Nested RT-PCR for the detection of the TMPRSS2:ERG fusion. Samples from the microarray data set, where sufficient material was available, were subjected to nested RT-PCR to detect the presence of the TMPRSS2:ERG fusion product. The fusion product was detected in 6 of 10 samples and undetectable in the remainder (samples marked ND). cDNA from the fusion positive cell line VCaP was used as a positive control, water was substituted in place of cDNA for the negative control.

Figure 3

Validation of selected genes by quantitative real time PCR. (a) RT-PCR confirmation of Affymetrix array data on genes associated with prostate cancer (all changes in expression were significant at p < 0.05).

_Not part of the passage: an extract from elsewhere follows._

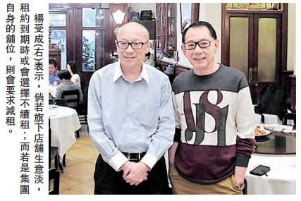 他指出,「游客都唔來,又畀人鬧又畀人踢,個市有排淡」。其中復活節期間,英皇鐘錶珠寶生意額跌約40%。楊受成表示,復活節期間去了菲律賓度假,一起同行的包括行家周大福(1939)主席鄭家純及六福集團(590)主席兼行政總裁黃偉常,他們都說生意額均跌約30%,證明市道很差、「生意好曳」。

Changes between stem and committed cells are indicated in blue, while malignant versus benign changes are indicated in red. (b) Validation of average changes in gene expression between stem and committed basal populations detected by Affymetrix array (red bars) and RT-PCR techniques (blue bars). (c) Validation of average changes in gene expression between malignant and benign stem cell populations detected by Affymetrix (red bars) and RT-PCR techniques (blue bars).

Figure 4

Validation of selected genes by flow cytometry and immunocytochemistry. (a) Flow cytometry analysis of prostate cancer cells co-stained with antibodies to CD133 and the NF-κB p65 subunit. (b) Confocal image of sorted CD133⁺ cancer cells stained with an antibody to the NF-κB p65 subunit (green) counterstained with DAPI (blue). Nuclear concurrence of two signals is indicated by a cyan colour. (c-e) Flow cytometry analysis of prostate cancer cells co-stained with antibodies to CD133 and ZO1/TJP1 (c) or ZO2/TJP2 (d) or PAPPA (e).

Figure 5

PTL induces apoptosis in primitive cancer cells. Percent viability of prostate cancer cells and cells from a patient with BPH treated with increasing concentrations of PTL. Cells were cultured for 1 h with 100 ng/ml TNFα prior to treatment with PTL for 18 h. Cells were subsequently labeled with CD133-APC, Annexin-V-FITC and DAPI. Viability was defined as annexin-V^-/DAPI^- on total cells. Three prostate cancer patients' samples were analyzed and a representative profile is shown of normal CD133⁺ (open circles), cancer CD133⁺ (filled squares), normal progenitor (filled circles) and cancer progenitor (open squares).

Figure 6

Functional annotation of the cancer stem cell expression signature. (a,b) Functional concepts over-represented in cancer relative to BPH within the stem cell population (a) or within the committed basal population (b) derived from the GO. Over-represented terms are shown in red, and under-represented terms are shown in blue. (c) Examples of key pathways and related genes involved in over represented gene ontology functions.